**EXERCISE REQUIREMENTS**: Below are records with pictures in them. Output exactly the lines from the one with "群星双色球26年041期脑筋急转弯龙头谜语" through the one with "Stylish plaid button-down", both included, and leave every picture out; give only those lines.

Top of ENTRIES PROVIDED

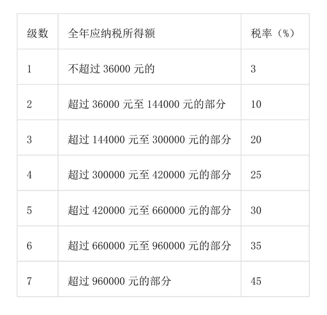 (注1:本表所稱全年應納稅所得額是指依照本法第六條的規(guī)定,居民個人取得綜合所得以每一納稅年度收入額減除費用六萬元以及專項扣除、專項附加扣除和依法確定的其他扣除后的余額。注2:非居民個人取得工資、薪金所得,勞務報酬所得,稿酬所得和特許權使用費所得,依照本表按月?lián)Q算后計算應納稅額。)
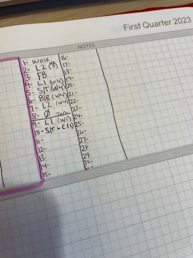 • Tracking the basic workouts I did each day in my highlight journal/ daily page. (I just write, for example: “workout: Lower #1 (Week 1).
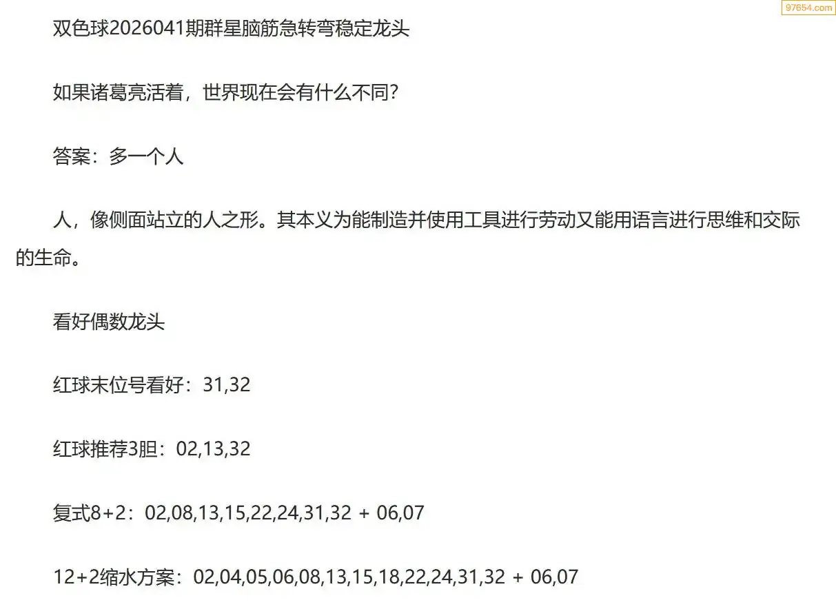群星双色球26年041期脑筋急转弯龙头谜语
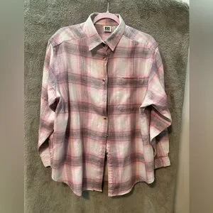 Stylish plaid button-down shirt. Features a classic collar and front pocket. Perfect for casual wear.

Bottom of ENTRIES PROVIDED
Top of ENTRIES PROVIDED

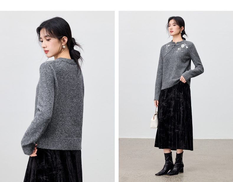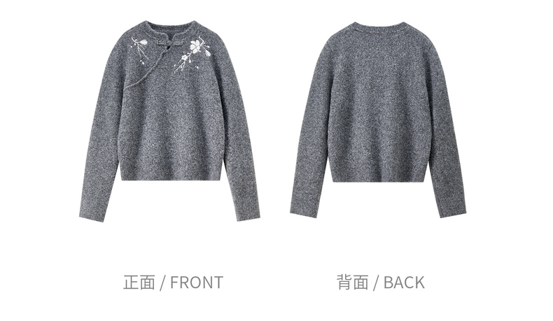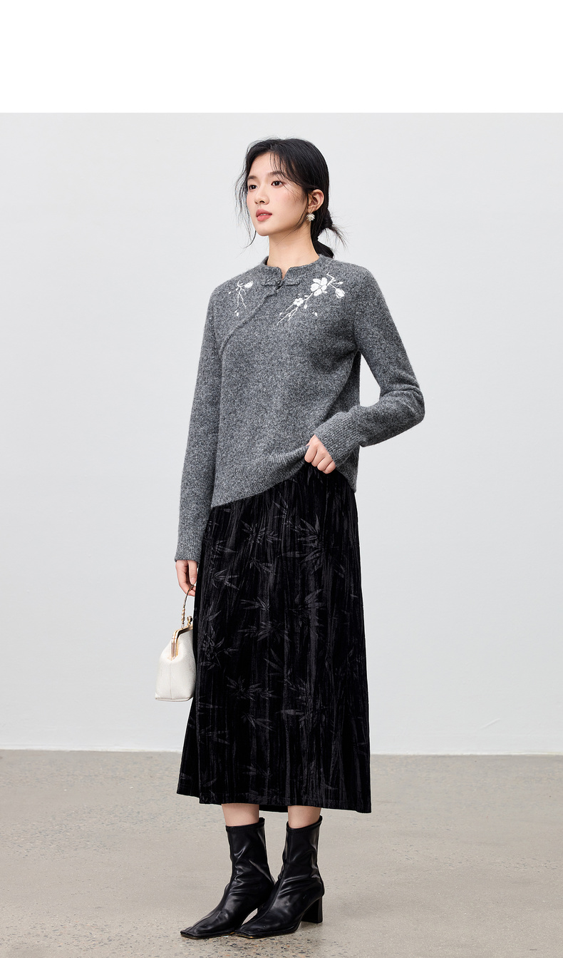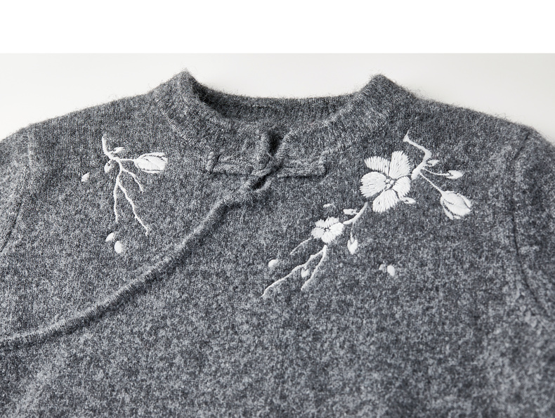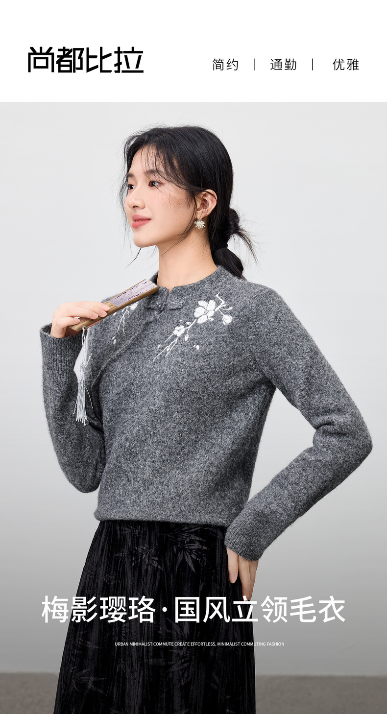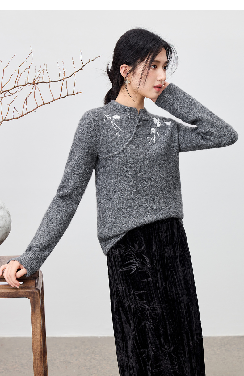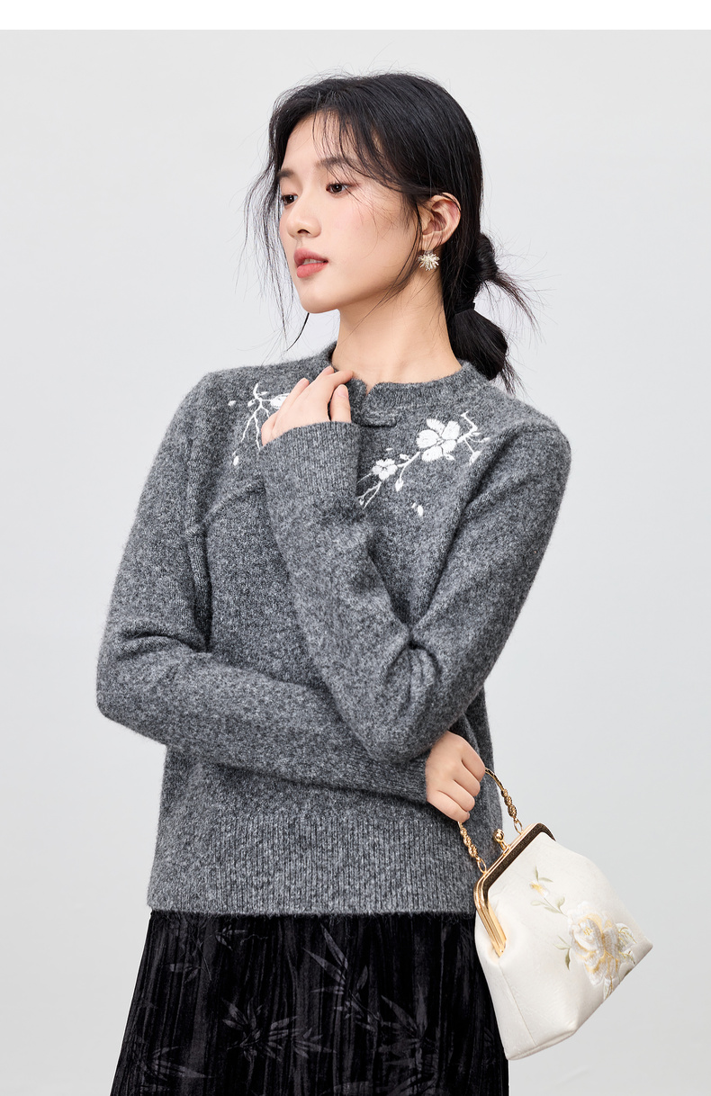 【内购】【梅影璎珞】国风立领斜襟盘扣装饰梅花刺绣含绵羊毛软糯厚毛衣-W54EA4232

Bottom of ENTRIES PROVIDED

**EXERCISE ANSWER**:
群星双色球26年041期脑筋急转弯龙头谜语
 Stylish plaid button-down shirt. Features a classic collar and front pocket. Perfect for casual wear.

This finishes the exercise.